예제에 있단 파일로 돌렸더니 94개 나온다. 근데 94개가 저렇게 중구난방으로 나오니까 힘들다... 이거 넘파이 배열로 바꿔서 깔쌈하게 보여주면 안되나? 

from Bio import SeqIO
import numpy as np
identifiers = [seq_record.id for seq_record in SeqIO.parse("/home/koreanraichu/ls_orchid.gbk", "genbank")]
identifiers=np.array(identifiers)
identifiers=identifiers.reshape(2,47)
print(identifiers)

그래서 해봤다. 

[['Z78533.1' 'Z78532.1' 'Z78531.1' 'Z78530.1' 'Z78529.1' 'Z78527.1'
  'Z78526.1' 'Z78525.1' 'Z78524.1' 'Z78523.1' 'Z78522.1' 'Z78521.1'
  'Z78520.1' 'Z78519.1' 'Z78518.1' 'Z78517.1' 'Z78516.1' 'Z78515.1'
  'Z78514.1' 'Z78513.1' 'Z78512.1' 'Z78511.1' 'Z78510.1' 'Z78509.1'
  'Z78508.1' 'Z78507.1' 'Z78506.1' 'Z78505.1' 'Z78504.1' 'Z78503.1'
  'Z78502.1' 'Z78501.1' 'Z78500.1' 'Z78499.1' 'Z78498.1' 'Z78497.1'
  'Z78496.1' 'Z78495.1' 'Z78494.1' 'Z78493.1' 'Z78492.1' 'Z78491.1'
  'Z78490.1' 'Z78489.1' 'Z78488.1' 'Z78487.1' 'Z78486.1']
 ['Z78485.1' 'Z78484.1' 'Z78483.1' 'Z78482.1' 'Z78481.1' 'Z78480.1'
  'Z78479.1' 'Z78478.1' 'Z78477.1' 'Z78476.1' 'Z78475.1' 'Z78474.1'
  'Z78473.1' 'Z78472.1' 'Z78471.1' 'Z78470.1' 'Z78469.1' 'Z78468.1'
  'Z78467.1' 'Z78466.1' 'Z78465.1' 'Z78464.1' 'Z78463.1' 'Z78462.1'
  'Z78461.1' 'Z78460.1' 'Z78459.1' 'Z78458.1' 'Z78457.1' 'Z78456.1'
  'Z78455.1' 'Z78454.1' 'Z78453.1' 'Z78452.1' 'Z78451.1' 'Z78450.1'
  'Z78449.1' 'Z78448.1' 'Z78447.1' 'Z78446.1' 'Z78445.1' 'Z78444.1'
  'Z78443.1' 'Z78442.1' 'Z78441.1' 'Z78440.1' 'Z78439.1']]

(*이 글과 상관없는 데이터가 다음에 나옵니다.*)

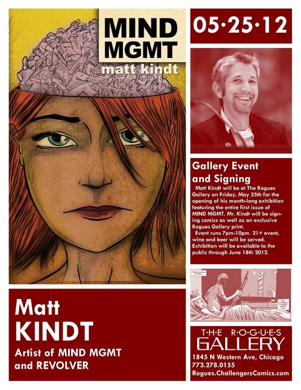 Matt Kindt appears at The Rogues Gallery on Friday, May 25th for the opening of his month-long exhibition featuring the entire first issue of MIND MGMT. Mr. Kindt will be signing comics as well as an exclusive Rogues Gallery print.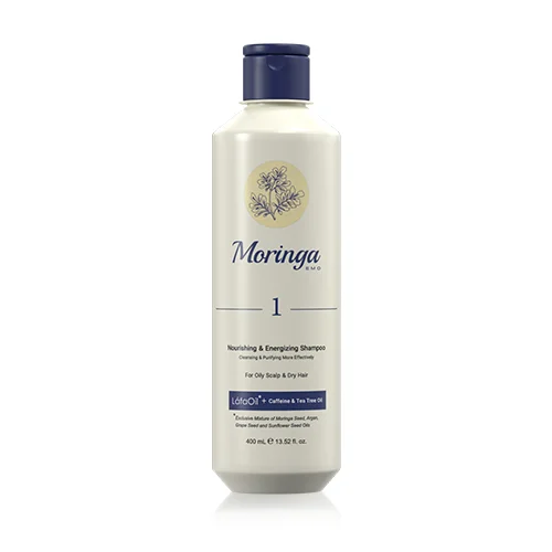 شامپو مغذی و انرژیبخش مورینگا اِمو 1 حاوی روغنهای گیاهی و کافئین است که ضمن کنترل چربی اضافه و پاکسازی منافذ پوست سر، فولیکولهای مو را نیز تقویت میکند. همچنین به علت وجود ترکیبات آبرسان در این محصول، رطوبت مورد نیاز تارهای مو تامین شده و از ایجاد موخوره و شکنندگی آنها جلوگیری میشود.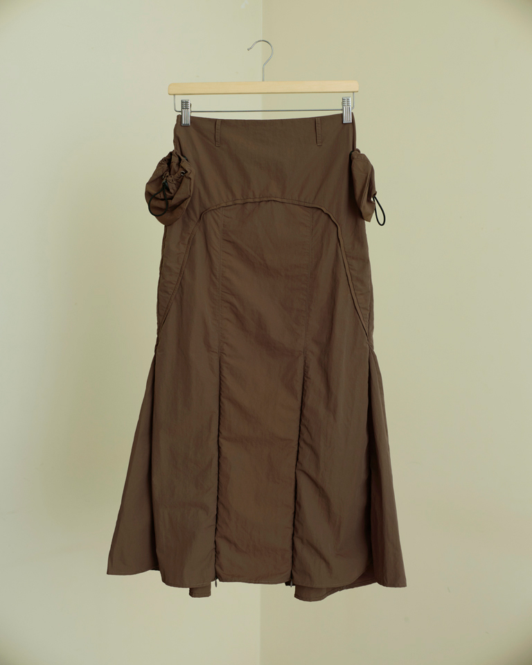 A structured brown midi skirt designed with utility-inspired detailing. Featuring detachable side pockets and zipper accents, the panelled silhouette offers movement while maintaining a clean contemporary shape.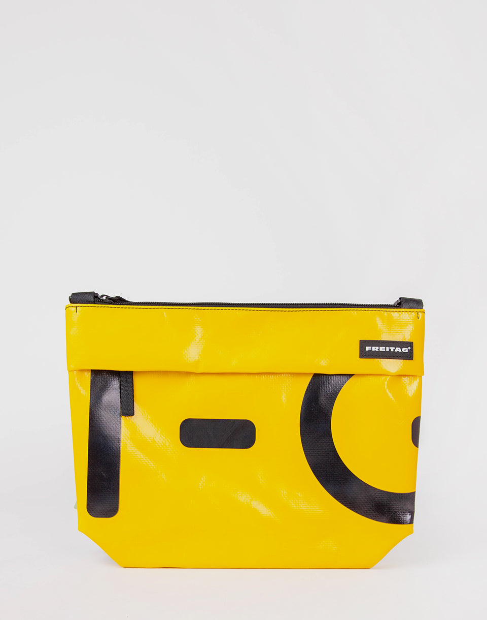 FREITAG F553 Lou - un sac bandoulière unique fabriqué à partir de bâches de camion usagées, en utilisant de vieilles ceintures de sécurité et des chambres à air de vélos, le tout coupé et cousu à la main.
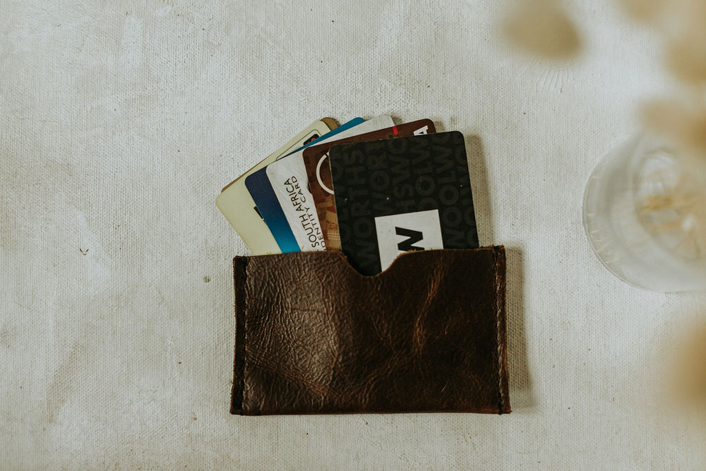 Introducing our sleek Leather Card Pouch—a stylish solution for keeping your cards organized and easily accessible!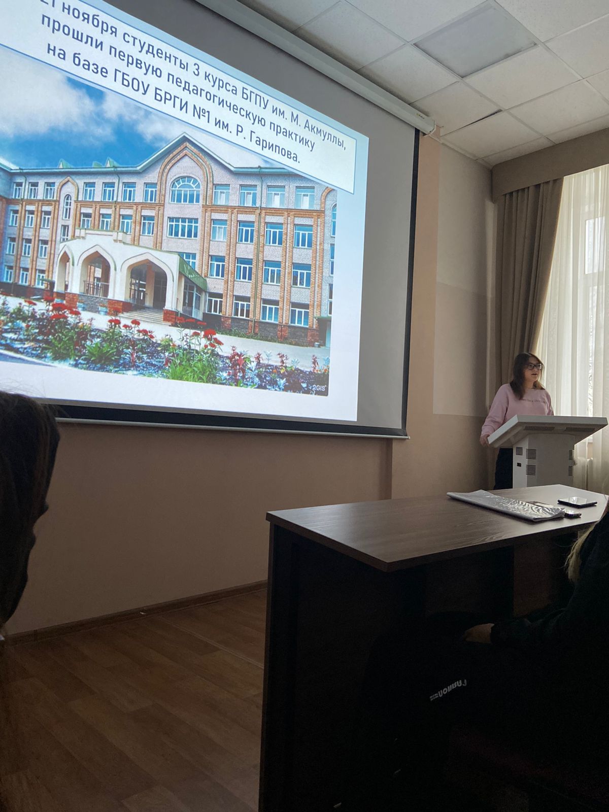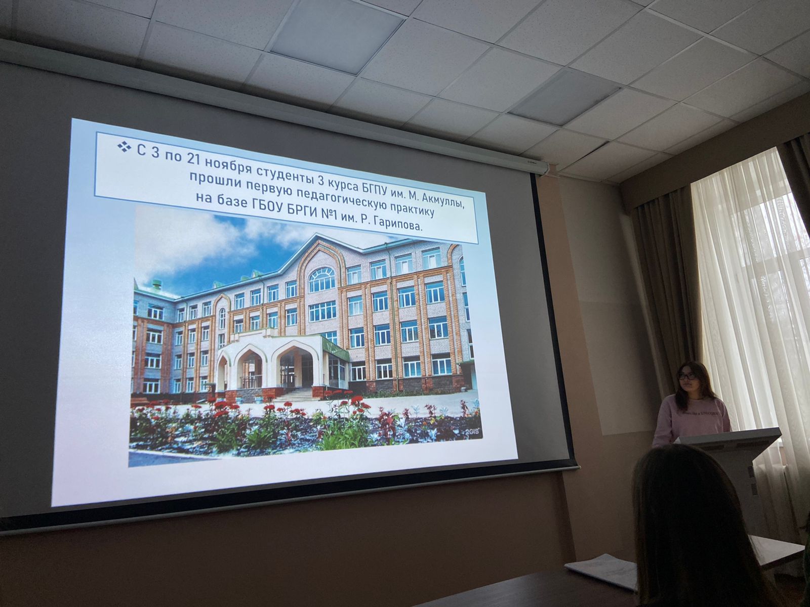Вот и закончилась первая педагогическая практика студентов 3 курса Факультета башкирской филологии БГПУ имени М. Акмуллы, которая продолжалась с 3по 21 ноября 2022 года. Студенты проходили практику на базе БРГИ №1 имени Рами Гарипова и гимназии № 20 имени Ф. Х. Мустафиной. Практиканты выполняли функции помощников классного руководителя, кроме этого многие студенты попробовали себя и в роли учителей, проводивших уроки.

참고로 numpy array는 5*6을 만들려면 진짜 데이터가 30개 있어야된다. 즉, 저게 최선이다. 

 

레코드 반복

이것도 Iteration을 이용한다. 

from Bio import SeqIO
record_iterator = SeqIO.parse("/home/koreanraichu/rcsb_pdb_2B10.fasta", "fasta")

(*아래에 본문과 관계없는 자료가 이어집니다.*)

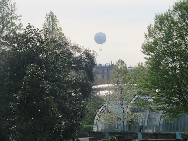 Ballon captif du parc André Citroën, 15e, depuis le jardin des serres d’Auteuil, 16e.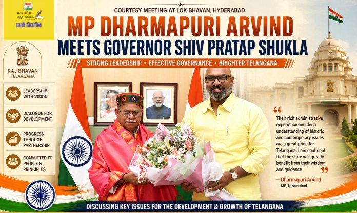 తెలంగాణ రాష్ట్ర గవర్నర్ శివ్ ప్రతాప్ శుక్లాను నిజామాబాద్ పార్లమెంటు సభ్యుడు ధర్మపురి అరవింద్ గురువారం మర్యాదపూర్వకంగా కలిశారు. హైదరాబాద్లోని లోక్ భవన్లో జరిగిన ఈ భేటీలో అయ్యారు.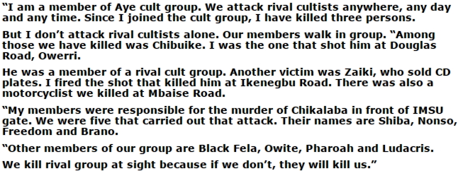 January 4, 2017 – Aye Cult Member Arrested For Killing IMSU Graduate In Imo State Confesses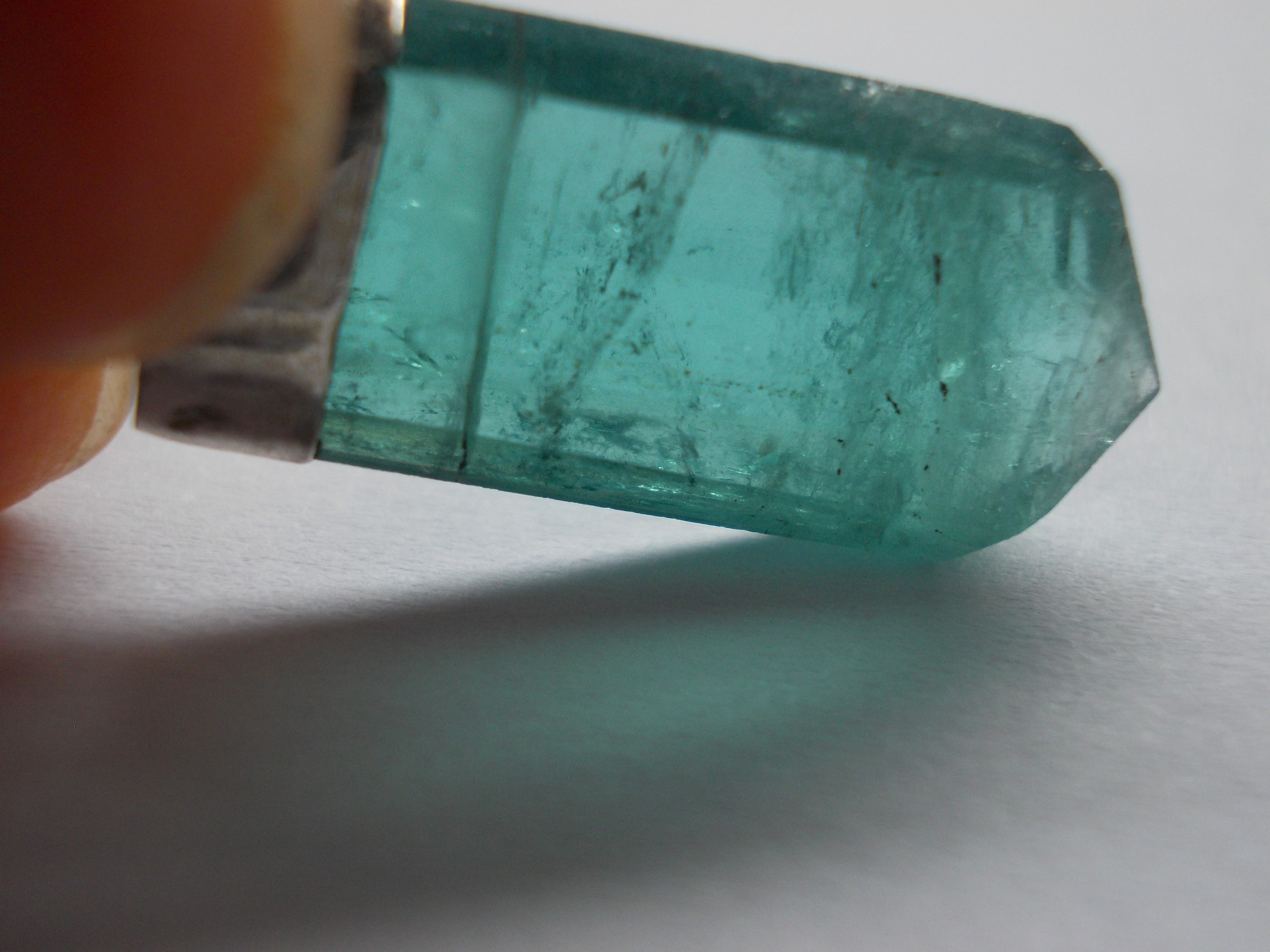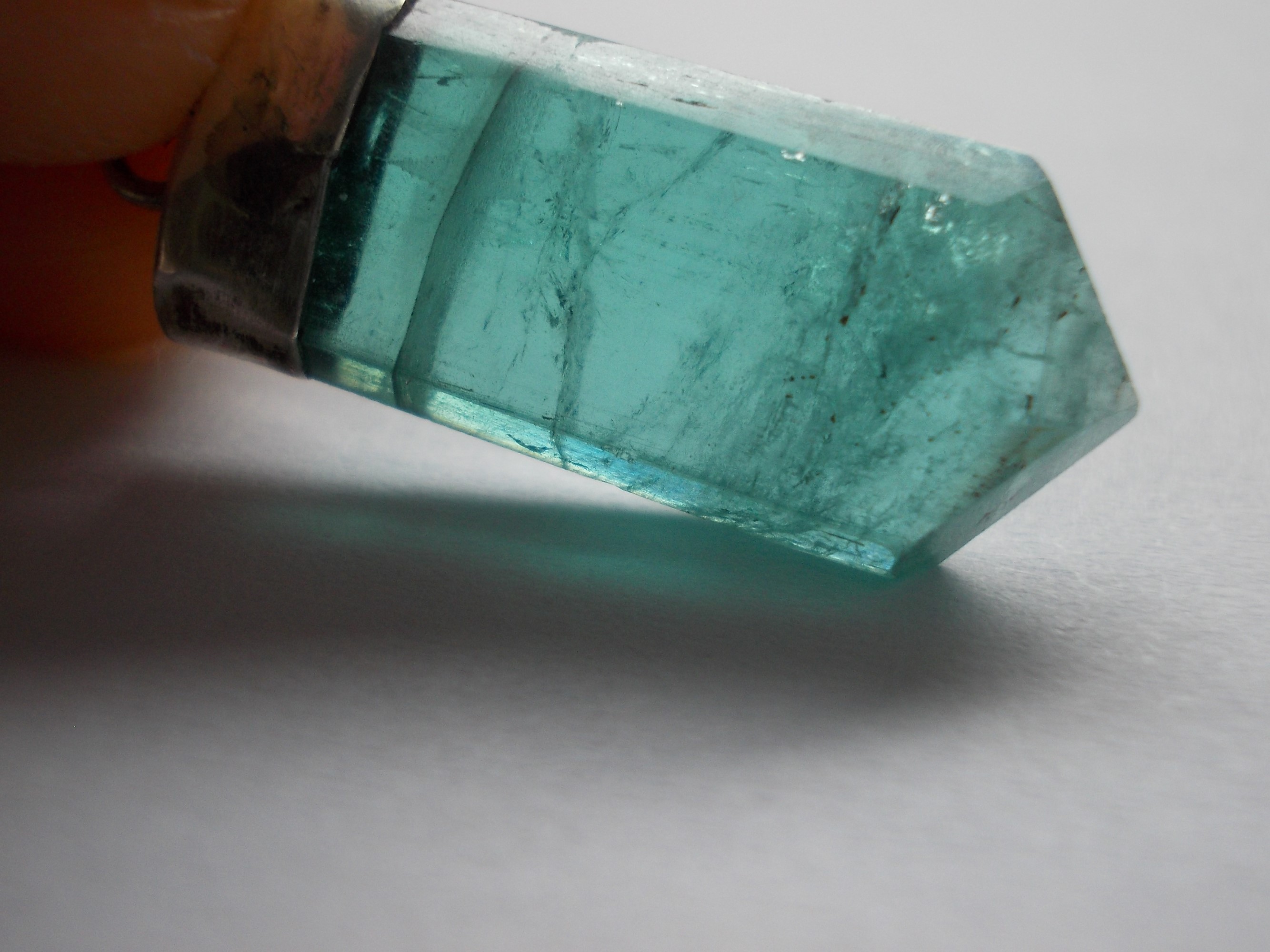 Wenn ich die Farben vergleiche - das Spiltterstück scheint an einzelnen Stellen etwas heller durch, und die helleren Stellen sind nahezu identisch mit dem Anhänger. Wegen dem Preis dachte ich mir dann, dass er ja einige Einschlüsse hat und nicht klar ist, deshalb eher "minderwertig" oder "Ausschussware"? . Aber der Schliff scheint schon unüblich zu sein.

first_record = next(record_iterator)
print(first_record.id)
print(first_record.description)

second_record = next(record_iterator)
print(second_record.id)
print(second_record.description)
from Bio import SeqIO
first_record_2 = next(SeqIO.parse("/home/koreanraichu/rcsb_pdb_2B10.fasta", "fasta"))
print(first_record_2)

위 코드와 아래 코드 둘 다 iteration을 활용하는 건 맞다. 

2B10_1|Chains
2B10_1|Chains A, C|Cytochrome c peroxidase, mitochondrial|Saccharomyces cerevisiae (4932)
2B10_2|Chains
2B10_2|Chains B, D|Cytochrome c iso-1|Saccharomyces cerevisiae (4932)
ID: 2B10_1|Chains
Name: 2B10_1|Chains
Description: 2B10_1|Chains A, C|Cytochrome c peroxidase, mitochondrial|Saccharomyces cerevisiae (4932)
Number of features: 0
Seq('TTPLVHVASVEKGRSYEDFQKVYNAIALKLREDDEYDNYIGYGPVLVRLAWHTS...QGL')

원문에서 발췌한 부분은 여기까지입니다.